List each line of the data in which the string "including" appears.

───

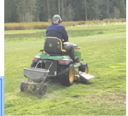
Fun at our club field. Come on out and enjoy the beautiful park like setting.
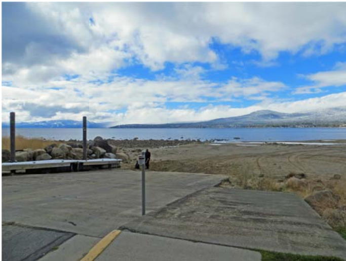
COON STREET BOAT RAMP 2015
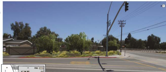
CONCEPTUAL SITE PERSPECTIVE 2
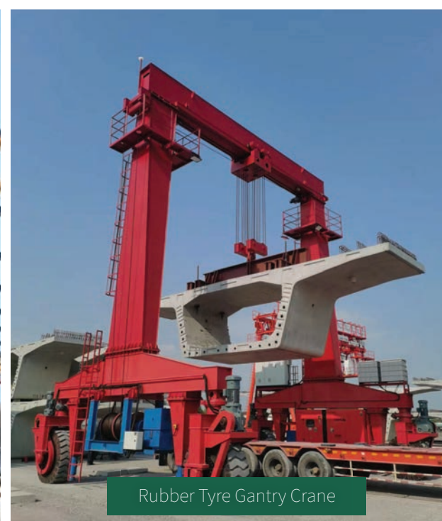
Rubber Tyre Gantry Crane
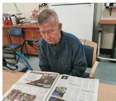
Sing Along 唱歌
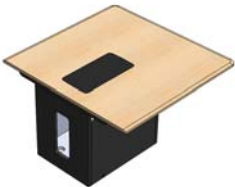
526SE Section 48" W X 46.5" D X 29.13" H

Please follow the steps below to create your own T526 Modular Table design to suit your room.
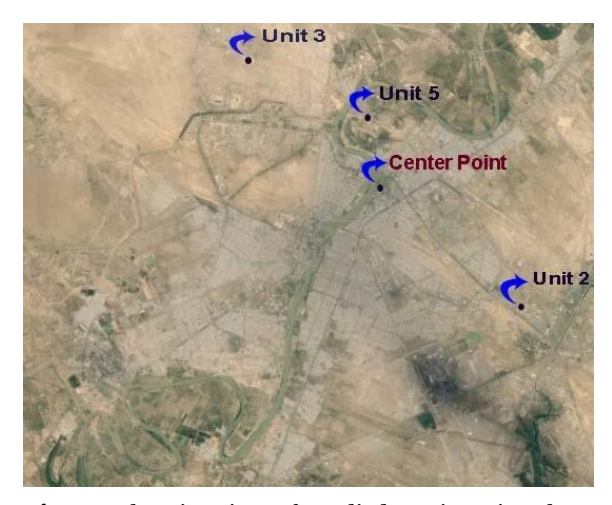
Fig. 1. The situation of studied stations in Ahvaz metropolitan city.

Concerning the classification done based on the geographical situation of station, operational stations that are located in Ahvaz and its surrounding areas are subcategory of Karoon oil and gas Utilization Company and among these stations, Ahvaz 2, Ahvaz 3 and Ahvaz 5 stations have inevitably located in neighborhood of residential areas after development of residential areas of Ahvaz. Fig.1 shows the situation of stations and their neighborhood with residential areas in Ahvaz.
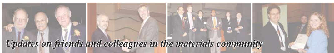
Updates on friends and colleagues in the materials community
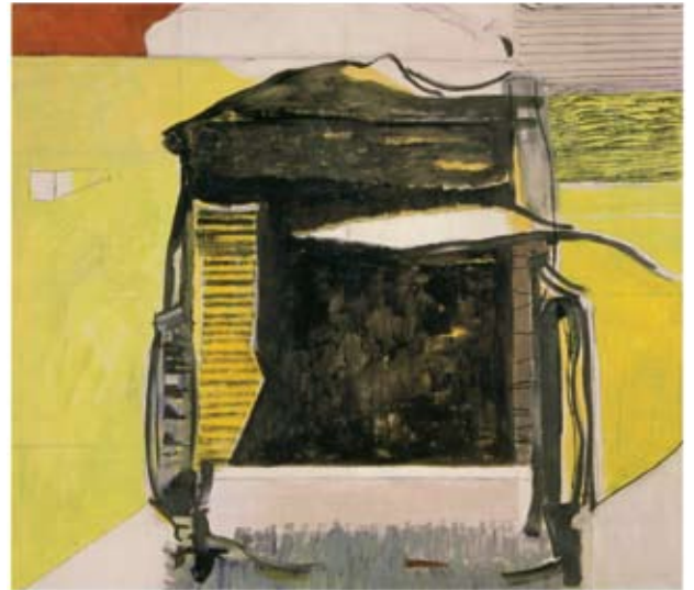
Form in a Landscape, Öl und Wachs auf Leinwand / Holz, 2002 - 2004, 92 x 107 cm
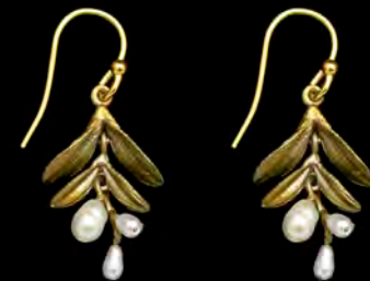
Style: 3661BZWP Dainty Wire Earrings WP: $27
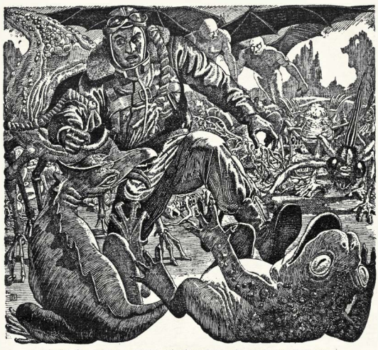
A headless thing with ropy arms and a puckered, mouth-like orifice tried to drag Morris down.

last resort would summon other planes by radio, from one of the American bases in California, to intercept Sakamoto.
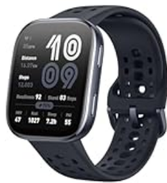
Image: Amazfit Bip 5 Smart Watch showing GPS tracking for an outdoor cycling workout, indicating distance and average pace.

Track your activities with over 120 sports modes, including walking, running, treadmill, rowing, and more. The built-in GPS ensures accurate tracking of steps, distance, and calories burned, even without your phone.
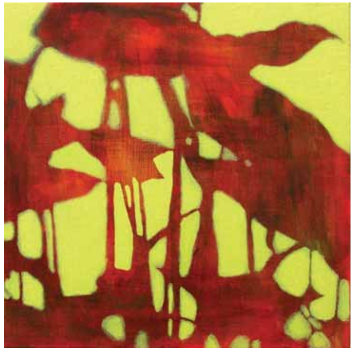
Mark Dixon, Untitled, 2005. Acrylic on board, 20 × 20 cm. © Mark Dixon.
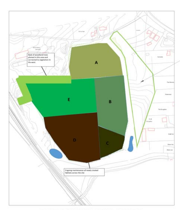
RESTORATION SECTIONS A B C D E
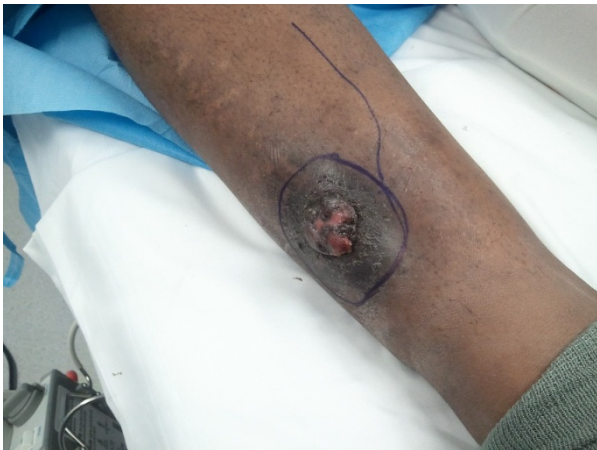
Figure 1 Preoperative image of the pink exophytic outgrowth - 2.0 x 3.0 cm.
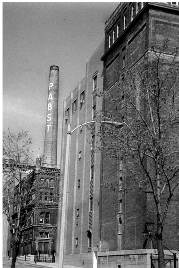
The architecture of the Pabst Brewing Complex reflects the German cultural heritage associated with the lager brewing process and the German immigrant community in Milwaukee, WI.
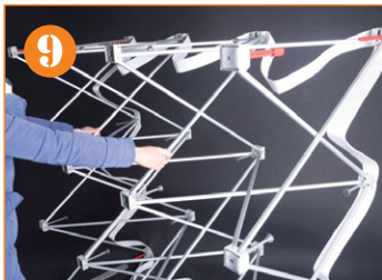
9. Close the frame and put into the case.
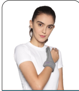
Thumb Spica Splint
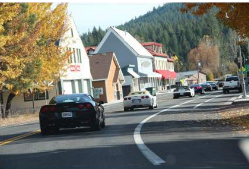
Passing through Greenville on HWY 89
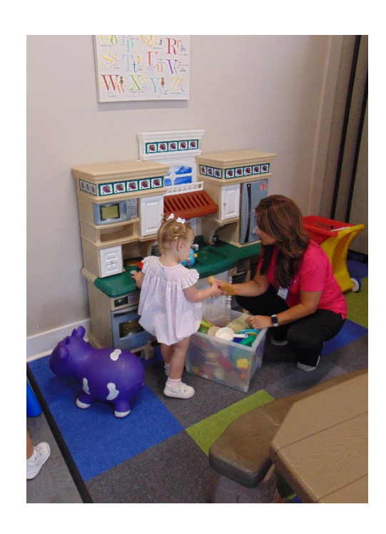
I can play next to my friends and take turns!
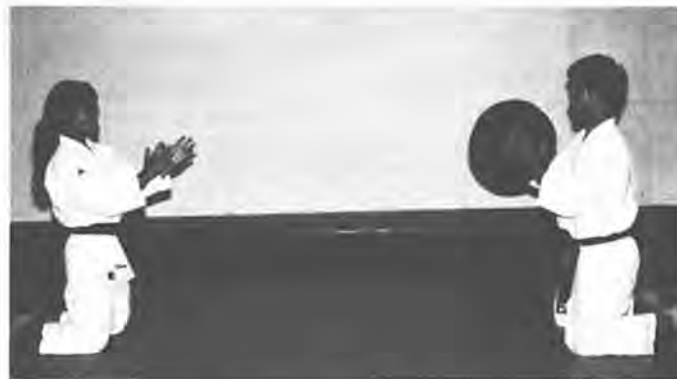
Figure 6. Chest pass - kneeling
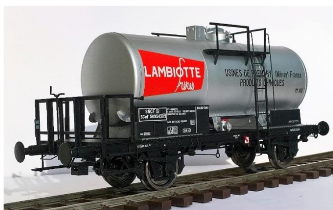
Réf. 37266 : SNCF / Lambiotte, era 3.
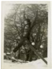
Ski jump (MS_0061-08-14-006)
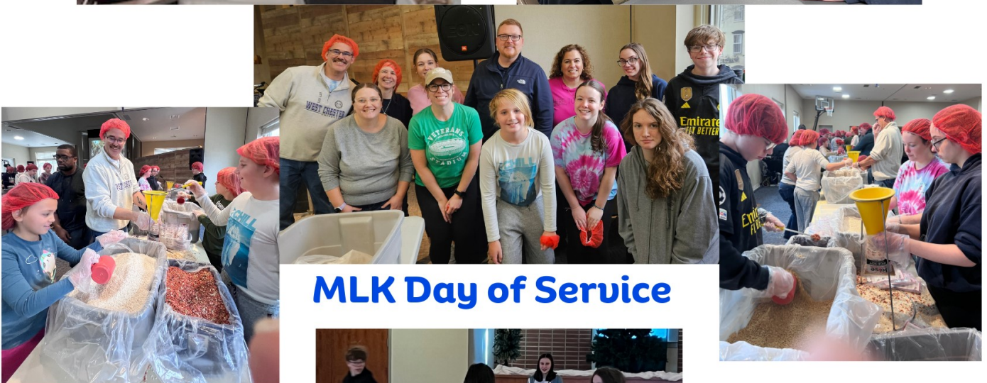
MLK Day of Service
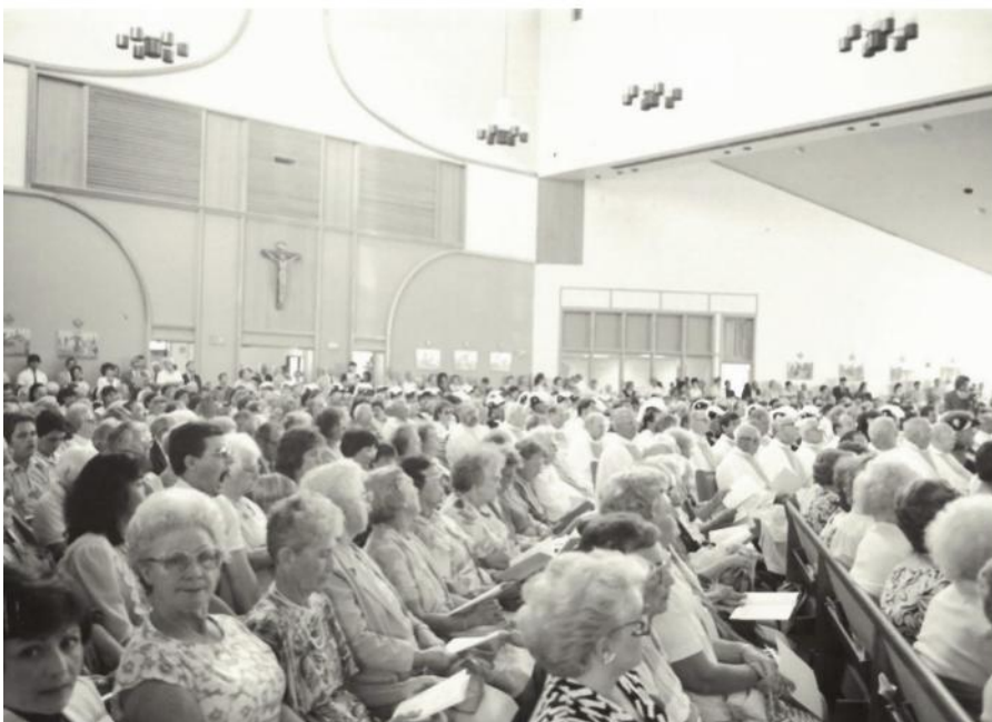
We found this picture of the 1986 dedication of our church. Wouldn't it be great to see our church full like this every week?"

Every week I come into church & check out who is new to me in the area I sit. It makes my heart feel so good to meet parishioners I don't know to let them know we welcome them to be part of our "family" at Sacred Heart!
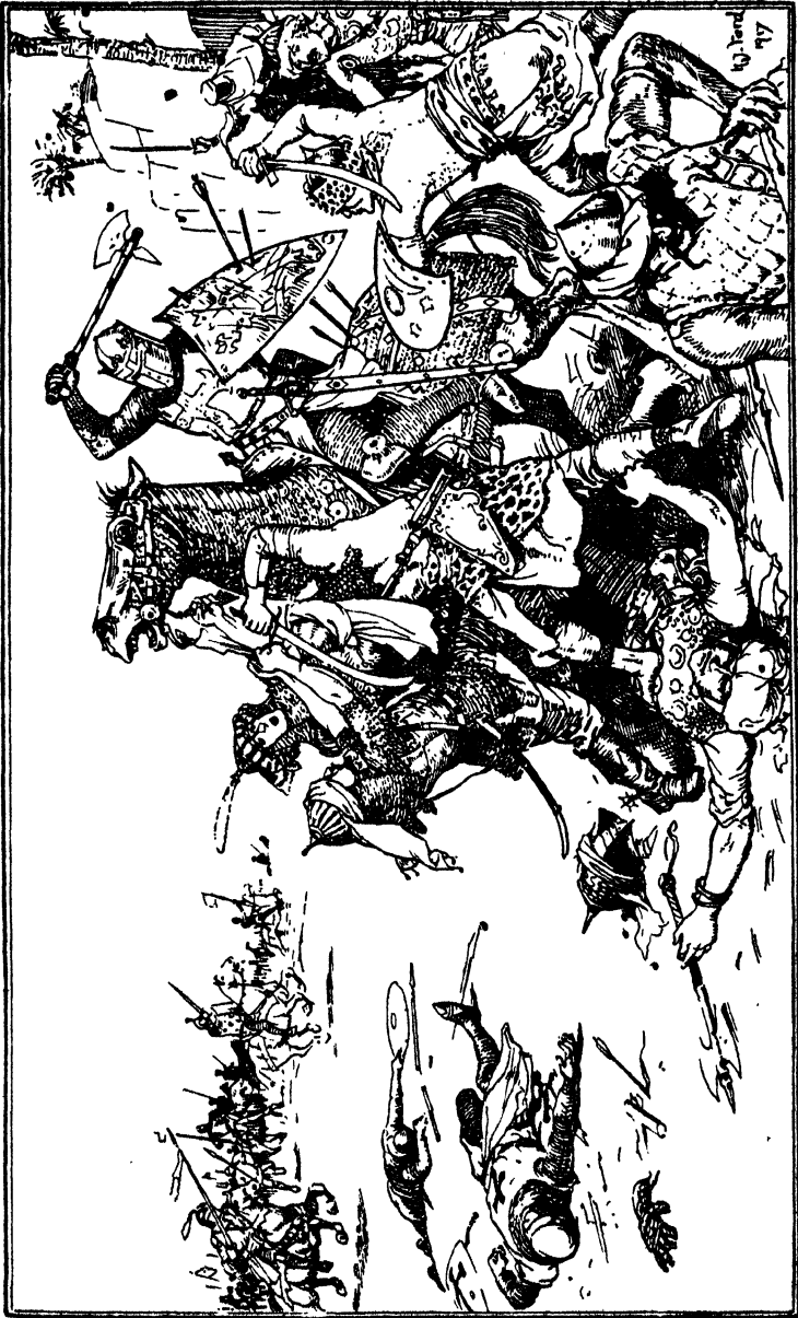
King Louis fought with such valour that he alone delivered himself.
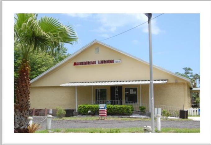
560 N. Wilderness Trail ~ Ponte Vedra Beach, FL 32082

Visit our cyber-post at www.AL233FL.org where you can view this newsletter in color
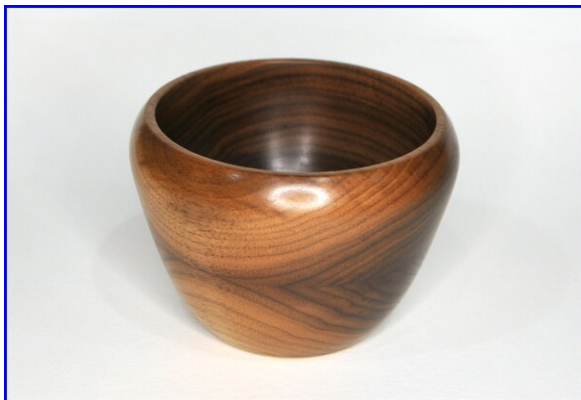
Mike Kalscheur - Bookmatched Bowl Walnut - Mineral Oil, Poly
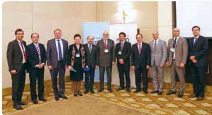
together for the future of Moldova
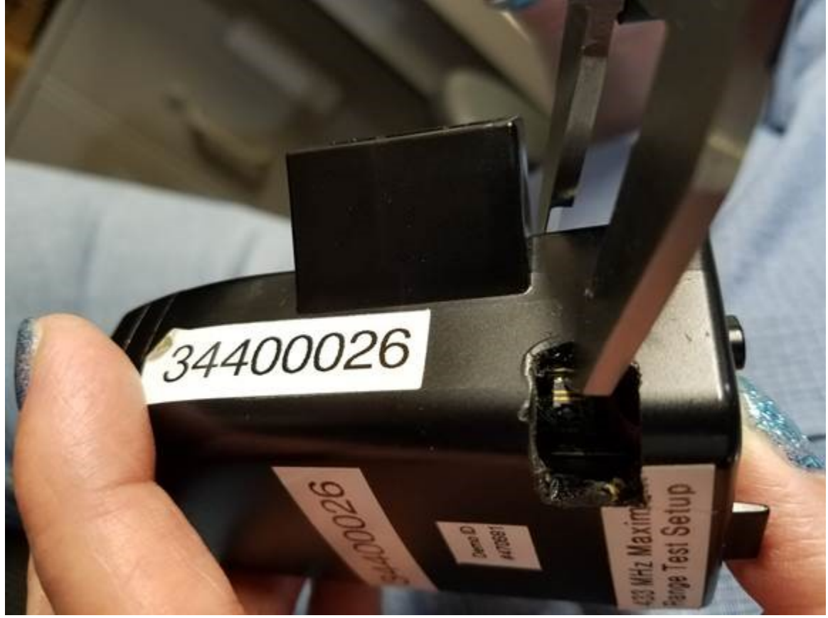
Calipers at the base of the Antenna
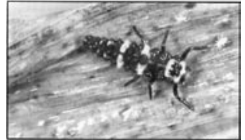
Larvae of a common LADYBIRD BEETLE . See color print, Fig. 24A, on publication B-1013.

Ladybird beetles are distributed throughout the world. The many species vary in their feeding habits. They prey on aphids, mealy bugs, scales, mites, and other soft-bodied insects. Several species are common to the area including Hippodamia convergens and an introduced species – the seven-spotted ladybird beetle, Coccinella septempunctata . The seven-spotted ladybird beetle and other species have been released to control pest species in the region.
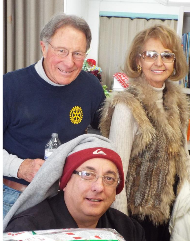
Merry Christmas to All and to All a Good Night!
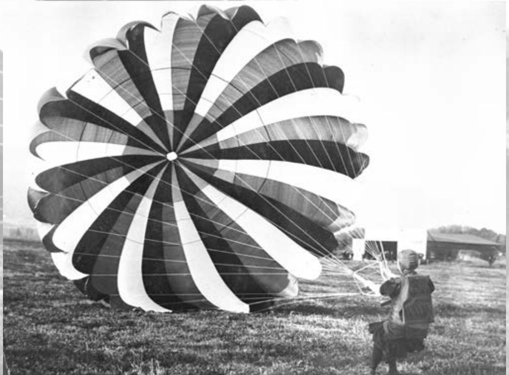
Tiny Broadwick, landing at Griffith Park, Los Angeles, California, picture is an action shot and was a stand up landing.

Tiny Broadwick died at age 85 on August 25, 1978 in California. She was returned to Henderson North Carolina for burial in the Sunset Gardens Cemetery.

───

▶ _THE COMPLETED TASK_
Track your activities with over 120 sports modes, including walking, running, treadmill, rowing, and more. The built-in GPS ensures accurate tracking of steps, distance, and calories burned, even without your phone.
Ladybird beetles are distributed throughout the world. The many species vary in their feeding habits. They prey on aphids, mealy bugs, scales, mites, and other soft-bodied insects. Several species are common to the area including Hippodamia convergens and an introduced species – the seven-spotted ladybird beetle, Coccinella septempunctata . The seven-spotted ladybird beetle and other species have been released to control pest species in the region.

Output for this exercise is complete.